Esta variação é a mais simples e tradicional, proporcionando um movimento completo. Pode ser feita em casa, sem o uso de pesos, apenas focando na movimentação completa. Se achar fácil, utilize isometria, mantendo os joelhos flexionados e fixos a 90° por alguns segundos antes de realizar o movimento completo.

2. Afundo

Nestes tipos de agachamento o exercício é feito de forma unilateral, ou seja, com apenas uma das pernas à frente e a outra atrás. Enquanto a da frente se flexiona, a de trás serve para dar equilíbrio. Exige mais equilíbrio e é capaz de oferecer um treino mais direcionado ao desenvolvimento dos músculos das coxas.

3. Flexão tradicional

Aqui, sem o apoio dos joelhos, a dificuldade aumenta. Este exercício é um dos mais usados para fortalecer os músculos peitorais e tríceps, mas também ativa os músculos dos ombros.

4. Flexão de braço inclinada

Você pode apoiar os pés em um banco fixo ou qualquer objeto elevado, ficando com o corpo inclinado em relação ao chão. Esse movimento trabalha, sobretudo, a área superior do peitoral e também o tríceps, além dos ombros.

5. Barra fixa

A barra fixa pode ser feita com diferentes pegadas e amplitudes dos braços. As barras são normalmente encontradas em parques ou podem ser adquiridas e fixadas em casa. A pegada mais aberta, com as mãos voltadas para a frente, estimulam mais os músculos das costas, mas os dos bíceps também são ativados.

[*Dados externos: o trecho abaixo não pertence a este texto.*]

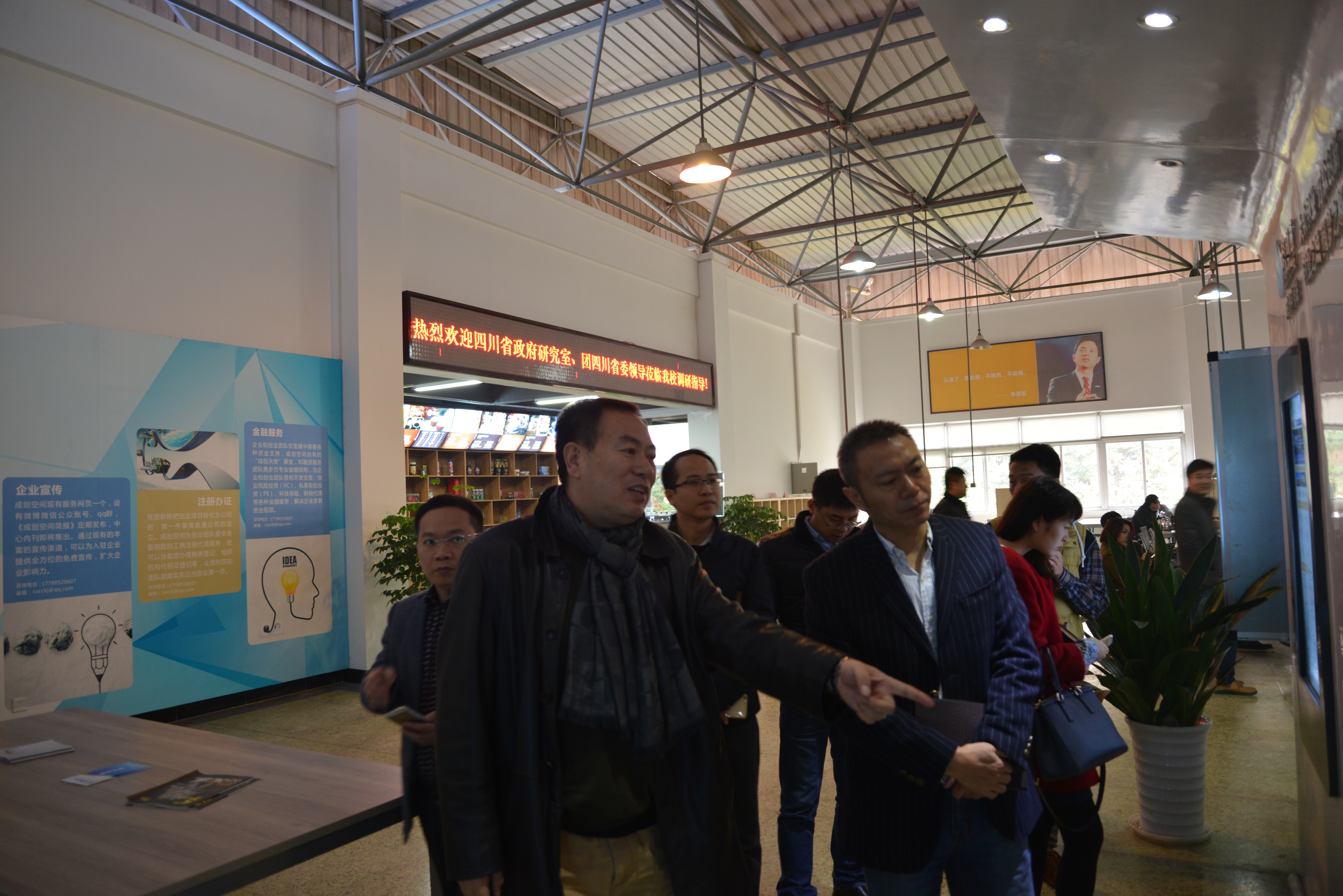 白鹏远一行首先来到了我校大学生创新创业孵化基地、成都市首批众创空间之一的“成创空间”,先后参观了路演大厅、创业大厅、多功能会议室、商务中心、洽谈室等创业场地,并考察了“成创空间”的建设及运营管理情况。

6. Barra australiana (remada na barra)

O movimento é similar ao da barra fixa, mas mais próximo ao solo. O corpo fica numa posição mais horizontal e as pernas apoiadas no chão. Use a pegada aberta e pronada (palmas da mão para fora). O movimento pode ser feito em uma mesa bem firme, por exemplo.

7. Escalador

No escalador, a pessoa deve apoiar as duas mãos no chão e ficar na posição de prancha tradicional. Porém, deve realizar um movimento de alternar a posição das pernas, como se estivesse subindo uma montanha, trazendo os joelhos alternadamente até a altura do abdome.